_WHAT NEEDS TO BE DONE_. Output exactly, in the material below, the lines from the one with "Ateliérové vybavení lampy, deštníky, pozadí" through the one with "Si tu vas en guerre, prie". Omit all pictures.

_AVAILABLE DATA_.
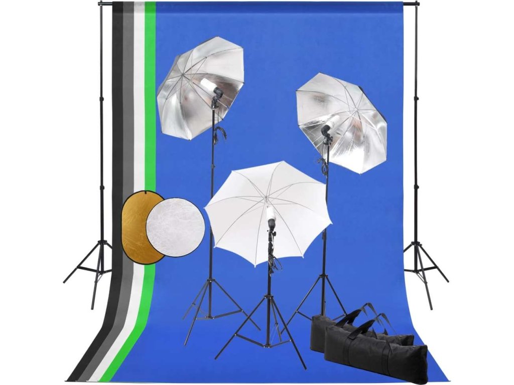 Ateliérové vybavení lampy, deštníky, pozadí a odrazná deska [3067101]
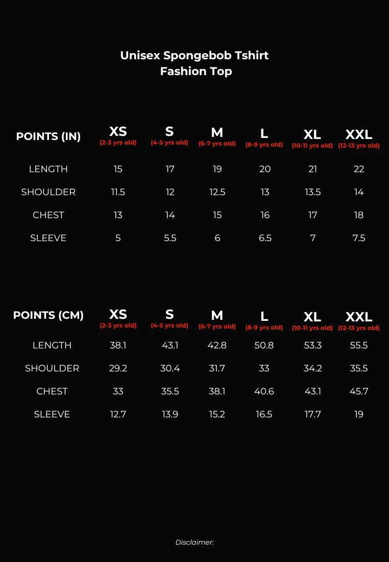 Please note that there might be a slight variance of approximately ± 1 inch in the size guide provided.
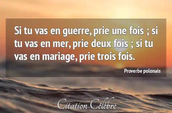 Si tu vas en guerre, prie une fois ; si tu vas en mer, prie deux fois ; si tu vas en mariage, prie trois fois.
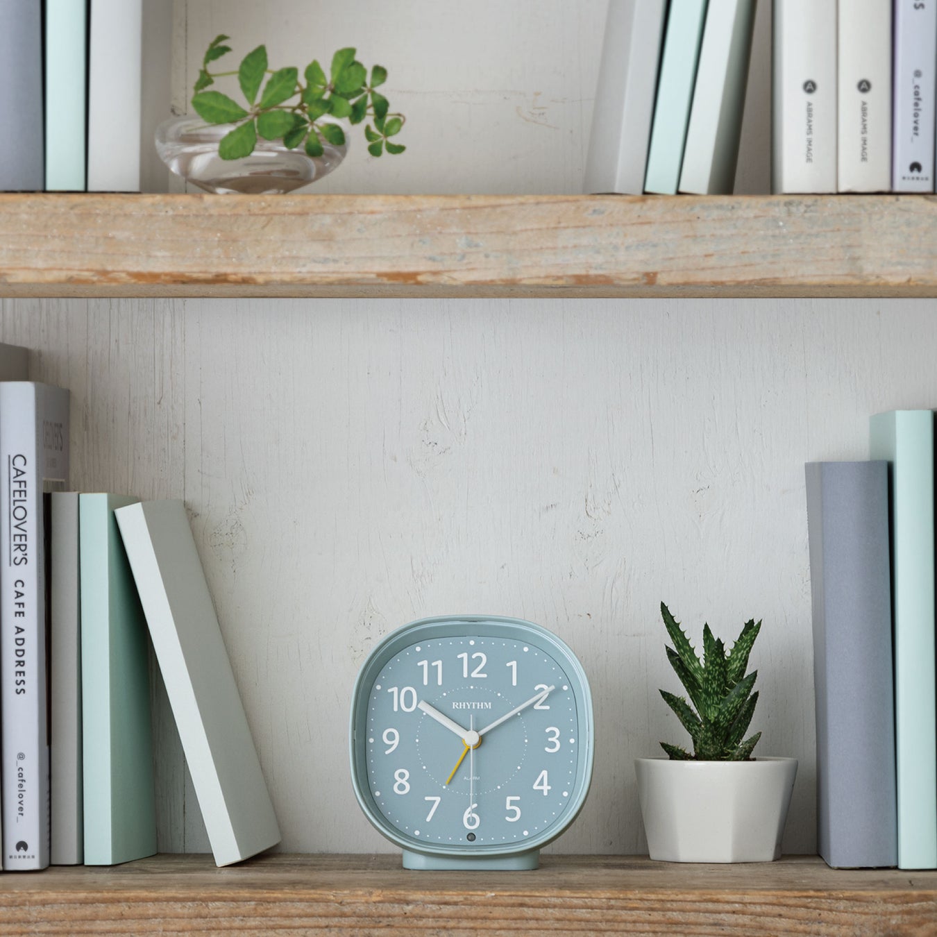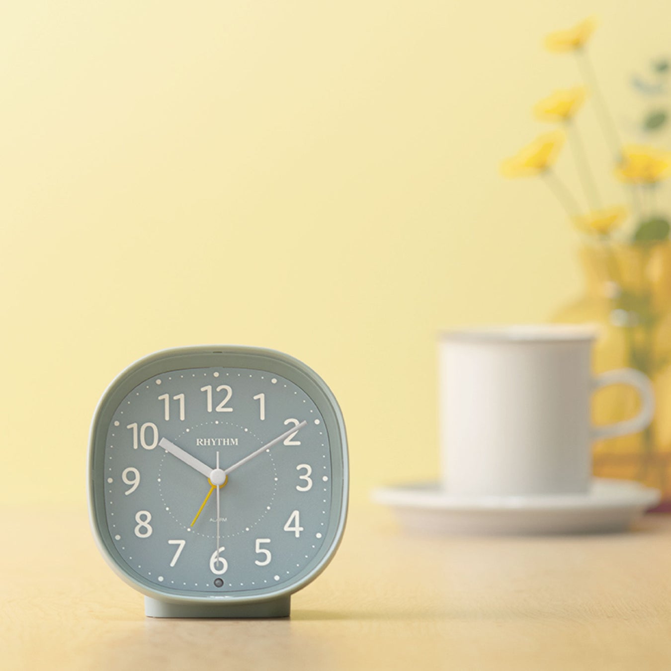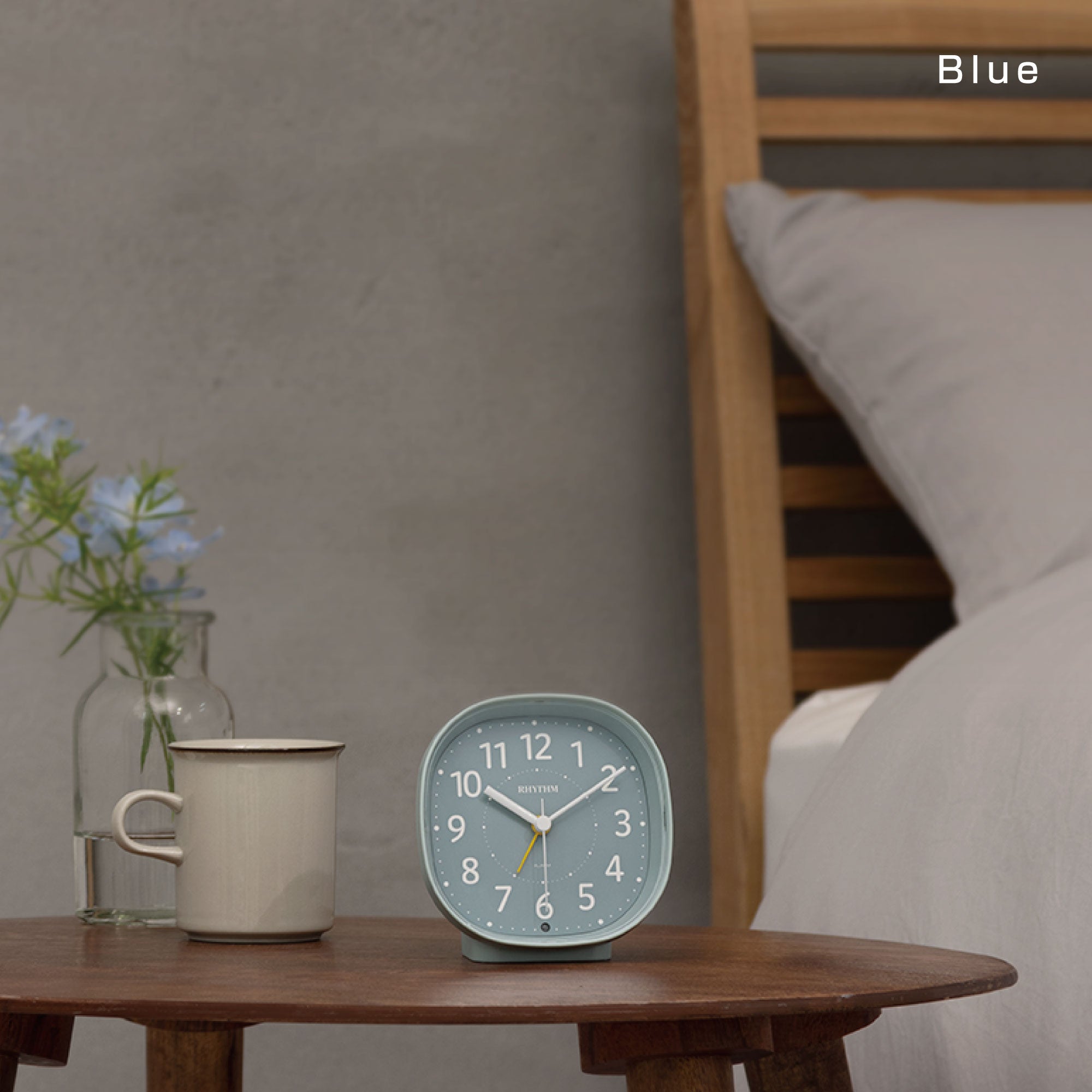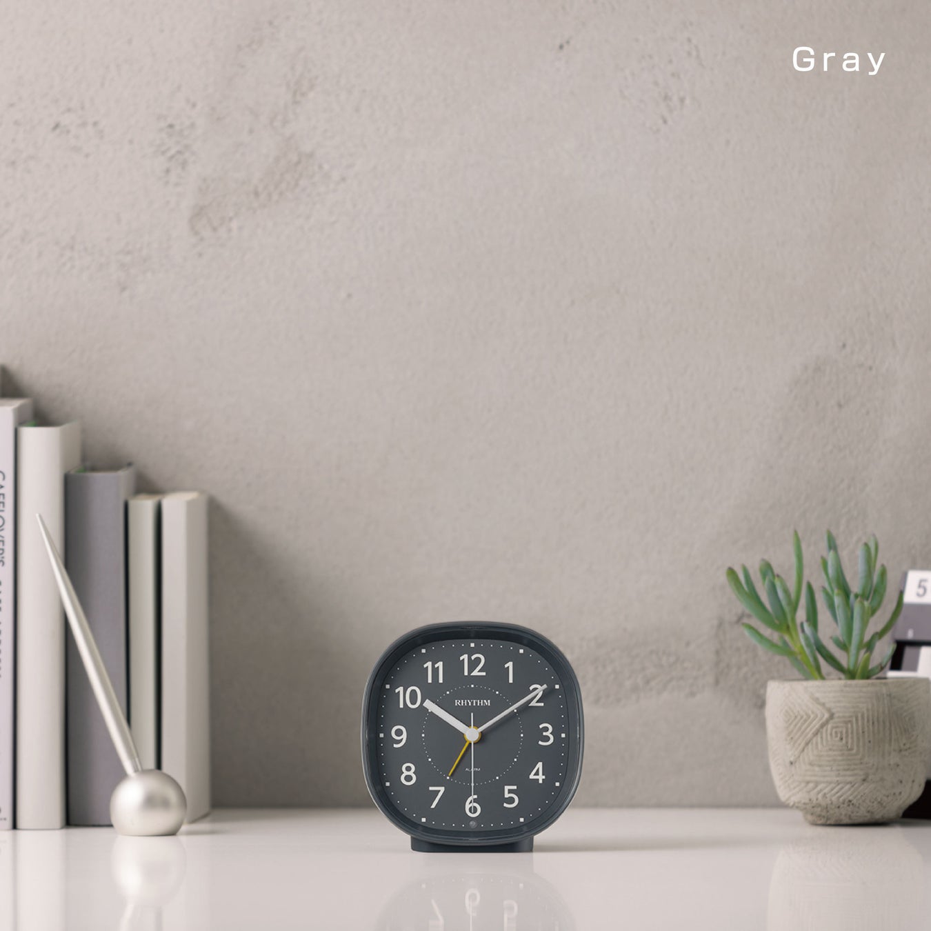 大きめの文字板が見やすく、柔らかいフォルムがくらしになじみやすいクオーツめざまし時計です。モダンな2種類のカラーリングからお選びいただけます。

...

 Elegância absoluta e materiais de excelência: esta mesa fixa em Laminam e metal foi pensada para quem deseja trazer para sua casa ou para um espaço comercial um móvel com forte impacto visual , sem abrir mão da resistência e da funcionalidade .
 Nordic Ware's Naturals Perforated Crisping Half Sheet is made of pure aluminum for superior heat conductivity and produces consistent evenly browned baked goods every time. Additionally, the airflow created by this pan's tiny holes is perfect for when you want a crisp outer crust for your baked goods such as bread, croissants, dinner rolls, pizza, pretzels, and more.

_REPLY_.
 Ateliérové vybavení lampy, deštníky, pozadí a odrazná deska [3067101]
 Please note that there might be a slight variance of approximately ± 1 inch in the size guide provided.
 Si tu vas en guerre, prie une fois ; si tu vas en mer, prie deux fois ; si tu vas en mariage, prie trois fois.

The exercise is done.